## [The data]
>>>

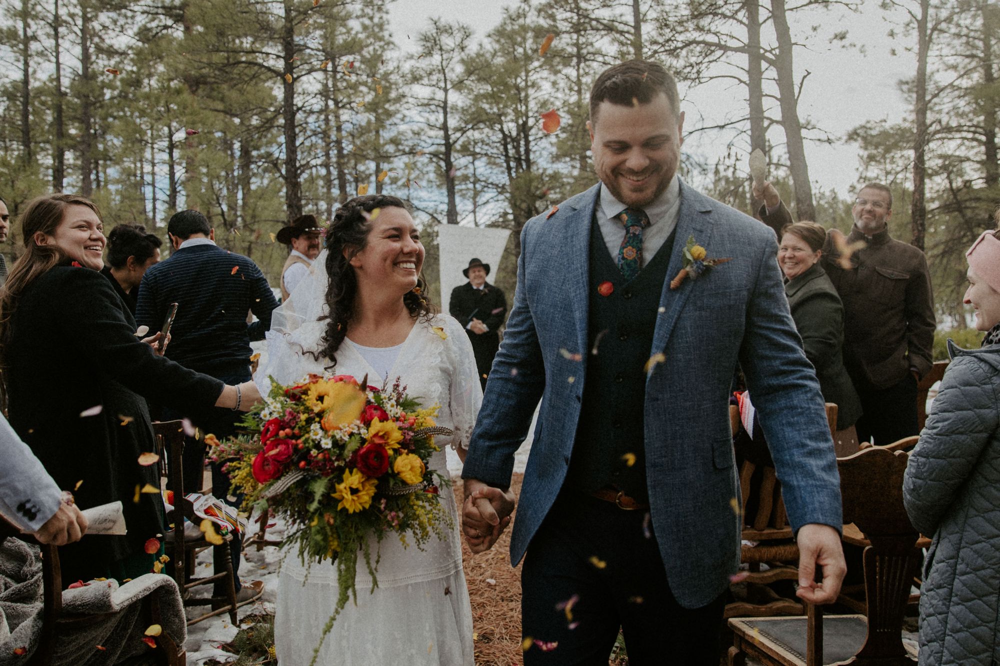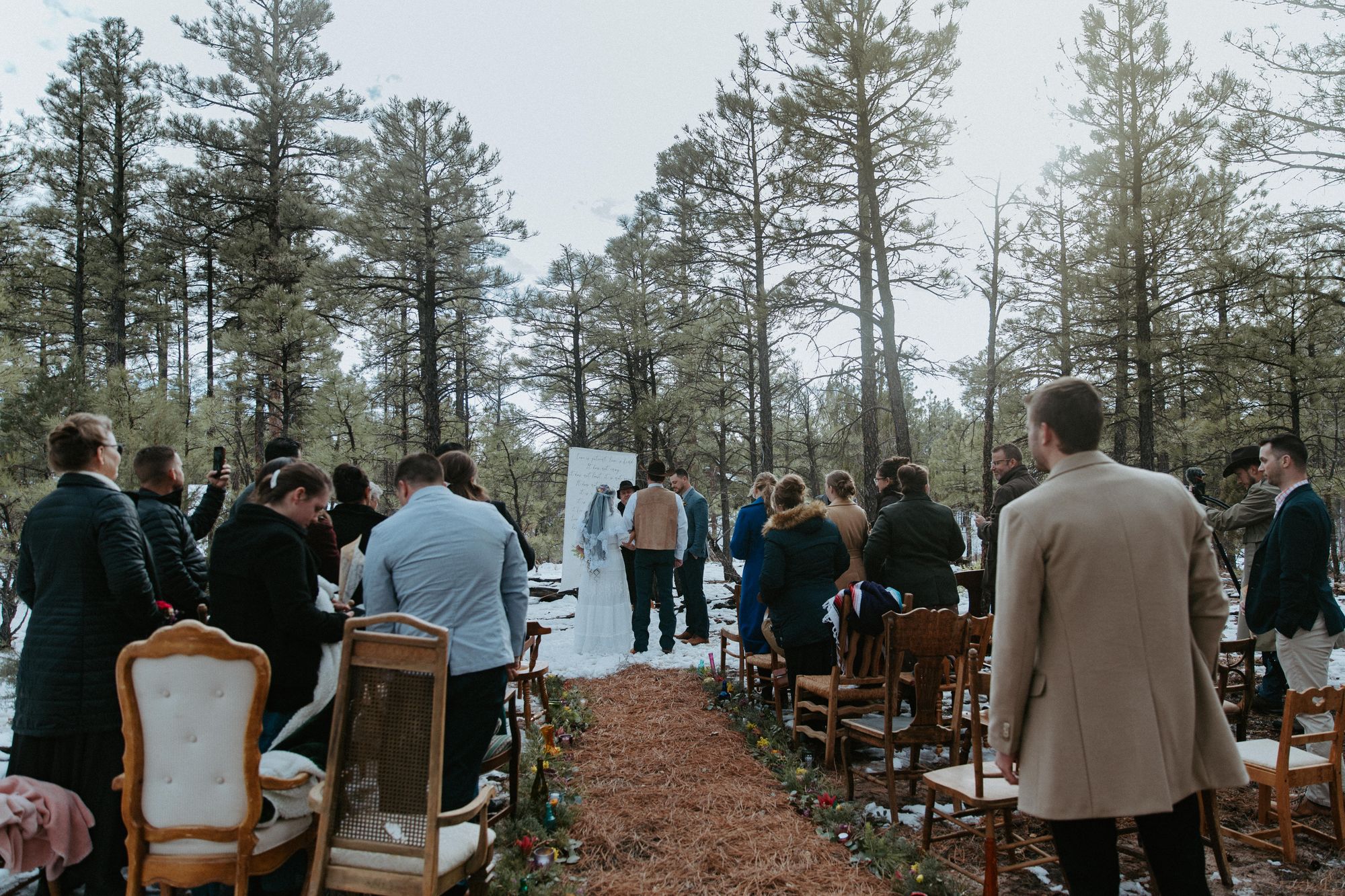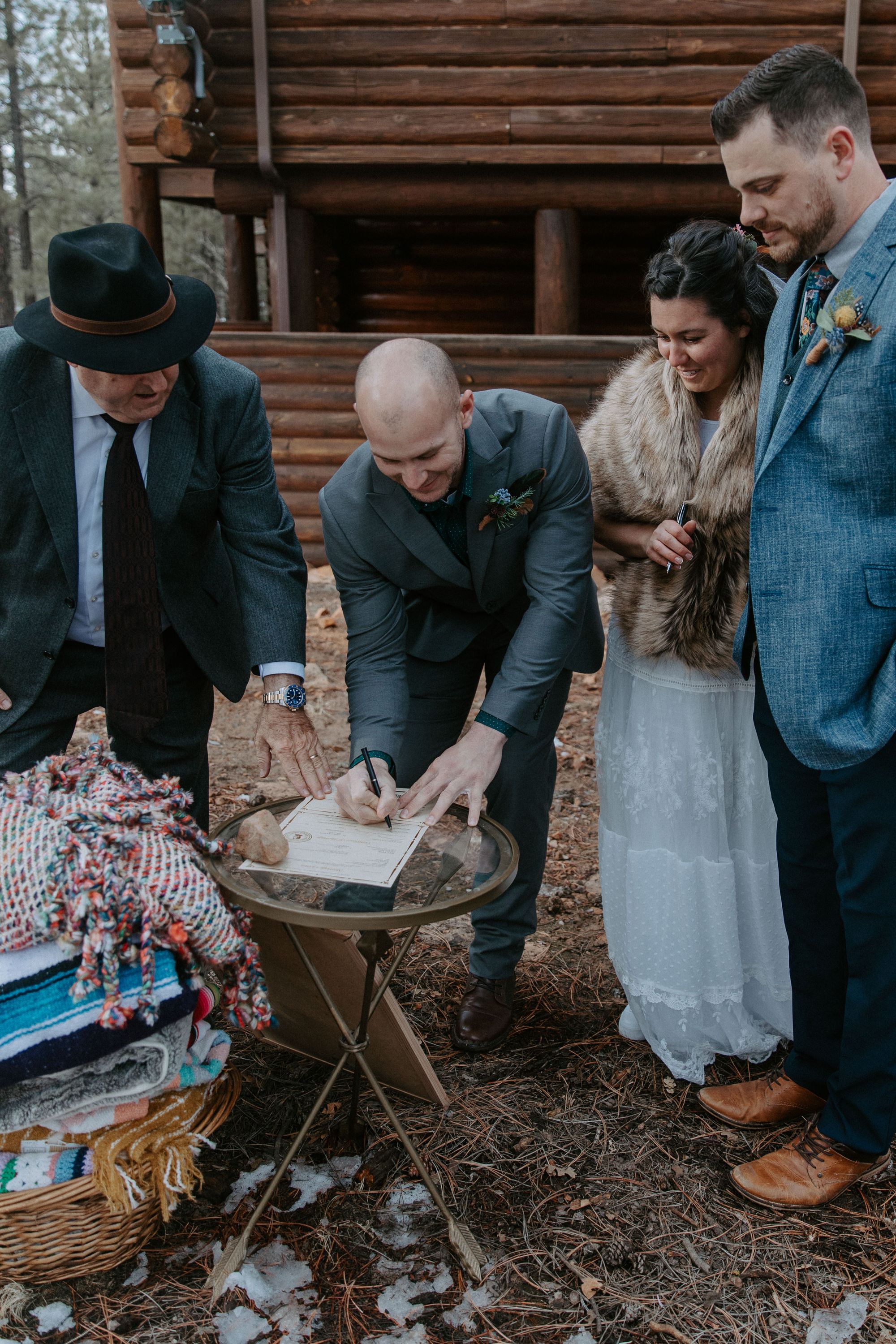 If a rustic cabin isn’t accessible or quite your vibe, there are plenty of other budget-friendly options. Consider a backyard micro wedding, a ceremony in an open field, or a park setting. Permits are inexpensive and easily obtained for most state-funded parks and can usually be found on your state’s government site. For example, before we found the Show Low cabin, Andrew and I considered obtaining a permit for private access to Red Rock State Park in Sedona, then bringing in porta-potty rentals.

<<<
>>>

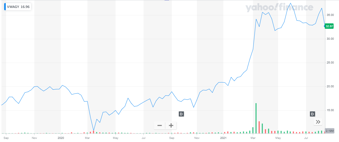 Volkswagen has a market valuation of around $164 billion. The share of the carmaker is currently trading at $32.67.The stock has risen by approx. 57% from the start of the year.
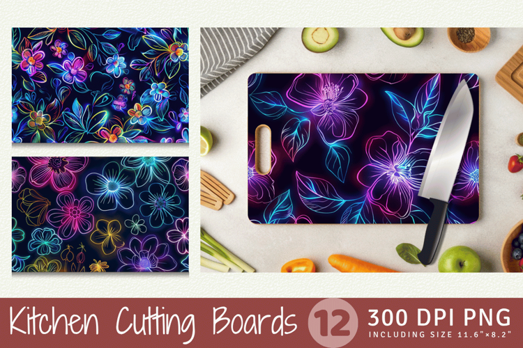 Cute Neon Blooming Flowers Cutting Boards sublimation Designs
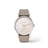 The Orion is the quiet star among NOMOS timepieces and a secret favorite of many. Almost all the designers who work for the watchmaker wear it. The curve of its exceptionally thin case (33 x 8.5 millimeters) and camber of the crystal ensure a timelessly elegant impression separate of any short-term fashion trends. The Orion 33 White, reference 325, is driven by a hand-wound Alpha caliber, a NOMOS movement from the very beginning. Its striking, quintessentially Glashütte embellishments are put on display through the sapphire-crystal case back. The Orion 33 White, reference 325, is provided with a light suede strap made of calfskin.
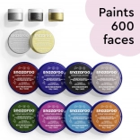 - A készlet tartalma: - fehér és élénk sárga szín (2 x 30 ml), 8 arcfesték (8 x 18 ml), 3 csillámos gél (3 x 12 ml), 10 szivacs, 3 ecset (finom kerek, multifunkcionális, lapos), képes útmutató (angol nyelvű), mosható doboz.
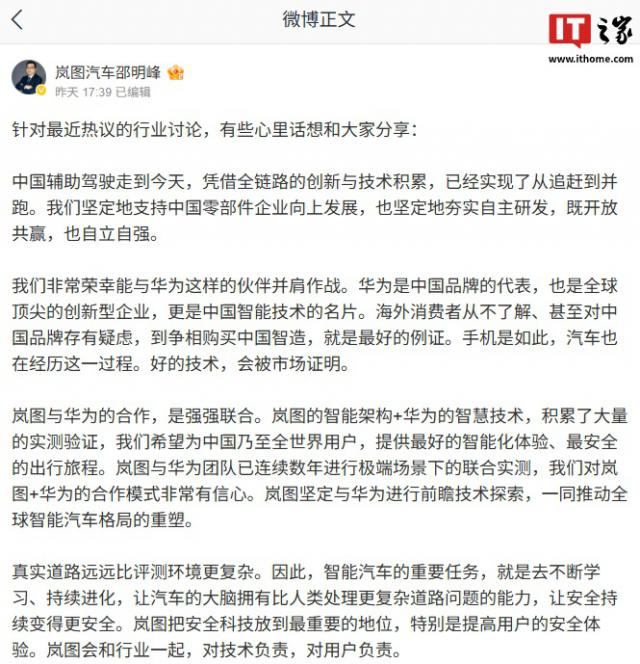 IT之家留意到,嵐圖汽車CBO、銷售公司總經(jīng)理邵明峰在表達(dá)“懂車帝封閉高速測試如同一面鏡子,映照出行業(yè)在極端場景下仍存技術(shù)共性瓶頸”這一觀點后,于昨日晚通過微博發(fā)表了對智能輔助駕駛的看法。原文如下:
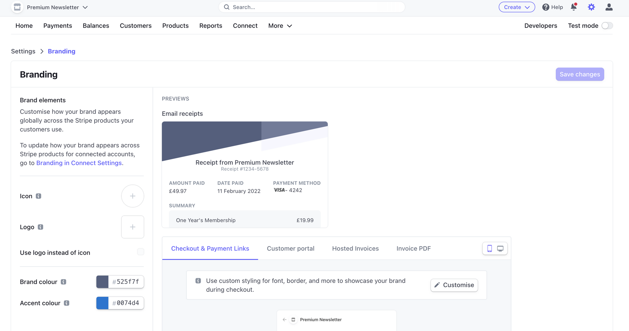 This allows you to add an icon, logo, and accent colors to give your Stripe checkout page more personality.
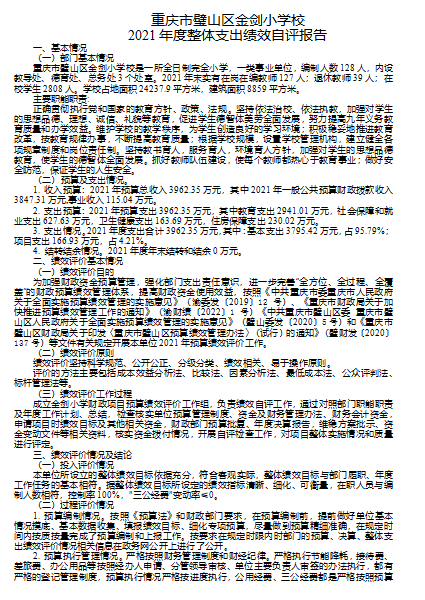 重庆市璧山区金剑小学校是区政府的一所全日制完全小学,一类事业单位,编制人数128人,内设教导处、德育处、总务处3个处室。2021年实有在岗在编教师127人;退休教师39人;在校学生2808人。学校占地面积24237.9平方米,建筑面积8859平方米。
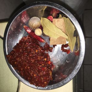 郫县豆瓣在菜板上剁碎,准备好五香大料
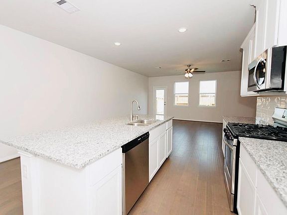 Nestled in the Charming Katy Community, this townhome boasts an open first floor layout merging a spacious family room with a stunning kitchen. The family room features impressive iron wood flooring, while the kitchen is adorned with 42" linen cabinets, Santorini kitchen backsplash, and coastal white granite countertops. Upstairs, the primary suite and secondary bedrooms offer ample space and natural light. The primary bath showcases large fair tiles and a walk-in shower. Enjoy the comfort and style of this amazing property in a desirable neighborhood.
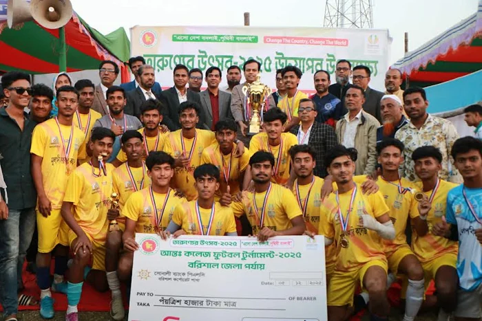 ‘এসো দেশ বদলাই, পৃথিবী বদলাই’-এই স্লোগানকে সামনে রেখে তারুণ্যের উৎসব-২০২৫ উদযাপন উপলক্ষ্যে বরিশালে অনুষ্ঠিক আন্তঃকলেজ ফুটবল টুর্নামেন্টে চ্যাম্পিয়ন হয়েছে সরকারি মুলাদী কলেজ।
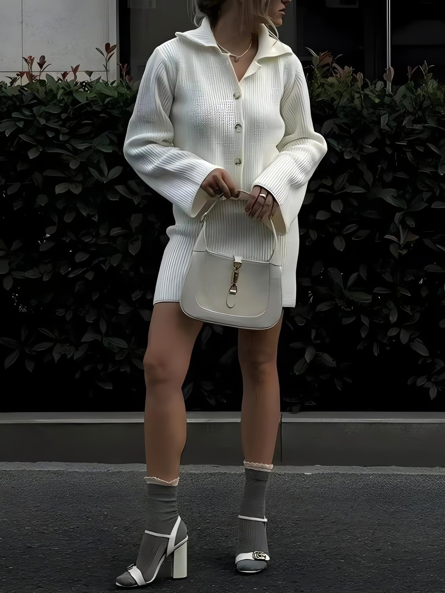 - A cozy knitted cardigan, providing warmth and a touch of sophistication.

<<<

## [Problem to work on]
Leaving out each picture, repeat exactly the lines above from the one that contains "This allows you" through the one that contains "郫县豆瓣在菜板上剁碎,准备好五香大料".

## [Written answer]
 This allows you to add an icon, logo, and accent colors to give your Stripe checkout page more personality.
 重庆市璧山区金剑小学校是区政府的一所全日制完全小学,一类事业单位,编制人数128人,内设教导处、德育处、总务处3个处室。2021年实有在岗在编教师127人;退休教师39人;在校学生2808人。学校占地面积24237.9平方米,建筑面积8859平方米。
 郫县豆瓣在菜板上剁碎,准备好五香大料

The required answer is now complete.